Real Case: Small Business & Investor
Jeff – still working, and needing to steadily build a portolio for his and his family's future...
The Client Circumstances:
Jeff is a builder in his early 50’s who runs his own business, and has been an Ascendia accounting client for a number of years.
Whilst he has investmetns in commercial and residential rental property, he also diversifies his asset holdings by having a portfolio run by Ascendia’s investment team.
As Jeff is around 10 years away from retirement, his objective is to grow his portfolio in a steady manner.
He is risk averse but wanting a more balanced approach than defensive due to his relative youth.
The Portfolio Advice and Management:
Therefore, Jeff’s portfolio asset allocation has been advised and is managed as a more even balance (50/50) between risk assets such as shares, and defensive assets such as income securities, term deposits, and cash.

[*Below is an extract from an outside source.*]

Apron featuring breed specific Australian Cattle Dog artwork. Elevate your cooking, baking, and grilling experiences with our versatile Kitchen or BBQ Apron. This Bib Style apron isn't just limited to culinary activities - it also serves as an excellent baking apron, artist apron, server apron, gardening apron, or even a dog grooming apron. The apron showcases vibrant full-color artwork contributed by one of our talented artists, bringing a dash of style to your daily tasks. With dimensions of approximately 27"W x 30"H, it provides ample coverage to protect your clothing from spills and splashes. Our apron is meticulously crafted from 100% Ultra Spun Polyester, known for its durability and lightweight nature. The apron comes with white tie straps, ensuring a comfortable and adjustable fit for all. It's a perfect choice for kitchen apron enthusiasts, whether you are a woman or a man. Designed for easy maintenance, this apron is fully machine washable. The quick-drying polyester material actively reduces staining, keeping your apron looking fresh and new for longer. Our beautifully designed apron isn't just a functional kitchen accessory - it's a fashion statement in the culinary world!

Our job is to try to get the best assets for him in this allocation, in terms of maximum return for the minimum risk or the best "risk adjusted return" we can obtain within his overall 50 / 50 balanced required investment asset allocation.

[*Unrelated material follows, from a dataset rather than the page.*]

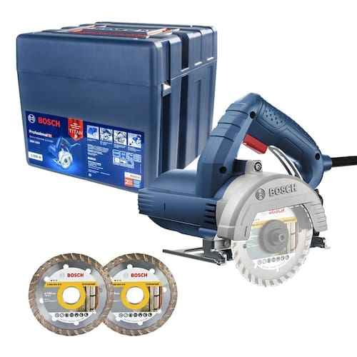 Serra Mármore Titan GDC 150 1500W 220 Volts + Maleta com 2 Discos - 06015486A4000 - BOSCH Descrição:Mais leve: a categoria é mais leve com somente 2,6 kg e possui um design compacto e ergonômico. Elevada visibilidade: placa de base com um maior campo de visibilidade do corte e maior amplitude. Placa de base amovível: remoção fácil e simples da placa de base. Características:- Potência nominal absorvida: 1500 W- Nº de rotações em vazio: 12.000 – 12.200 r.p.m.- Peso: 2,6 kg- Profundidade de corte: 26 mm- Ø do disco: 125 mm- Modo de operação: úmido Valores totais de vibração (Cortar azulejos):- Valor de emissão de vibrações ah: 4 m/s²- Incerteza K: 1,5 m/s² Informações sobre ruídos/vibrações:- Nível de pressão sonora: 95 dB(A)- Nível de potência sonora: 106 dB(A)- Incerteza K: 3 dB Cortar azulejos:- Valor de emissão de vibrações ah: 4 m/s²- Incerteza K: 1,5 m/s² Itens Inclusos:- Chave hexagonal- 2 discos de diamante
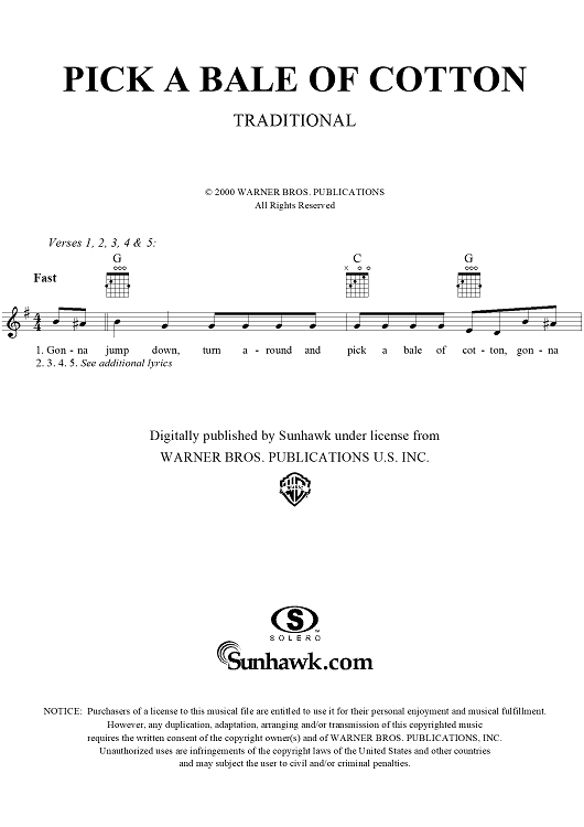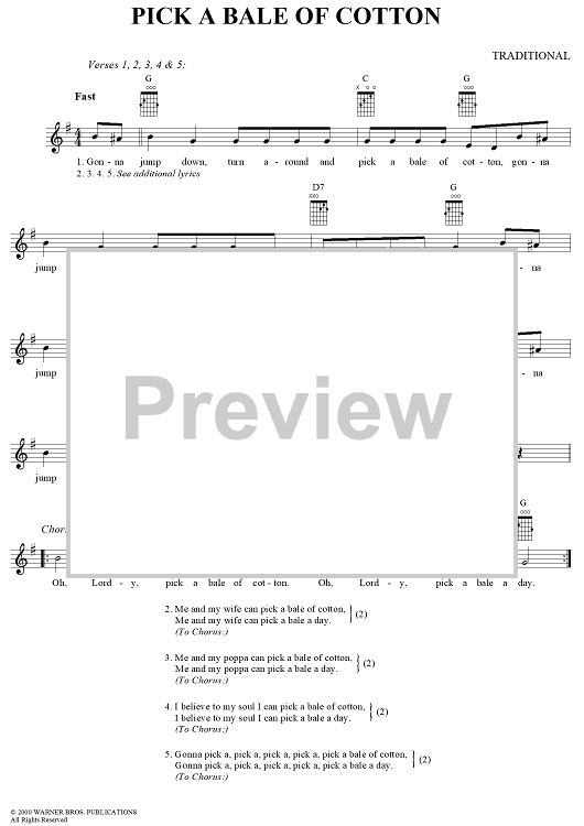 "Pick a Bale of Cotton" Sheet Music by Traditional

We do this through selection of assets, by not buying trnedy assets that dont stack up, by not being emotionally reactive to fluctuations in the market nad ny researching hte underlying value of assets as well as their underlying economic exposures. Our job for this kind of portfolio is to avoid wherever possible assets that will be subjected to substantial competition or do not have pricing power in their industry.
A total gross return in 2013 of 18.11%, including imputation credits. And this return is not a one off result for Jeff, he has obtianed similar risk adjusted returns in similar investment markets in the past.
The balanced asset allocation provided Jeff with around half the risk and volatility of the general share market, yet still provided a very solid overall return.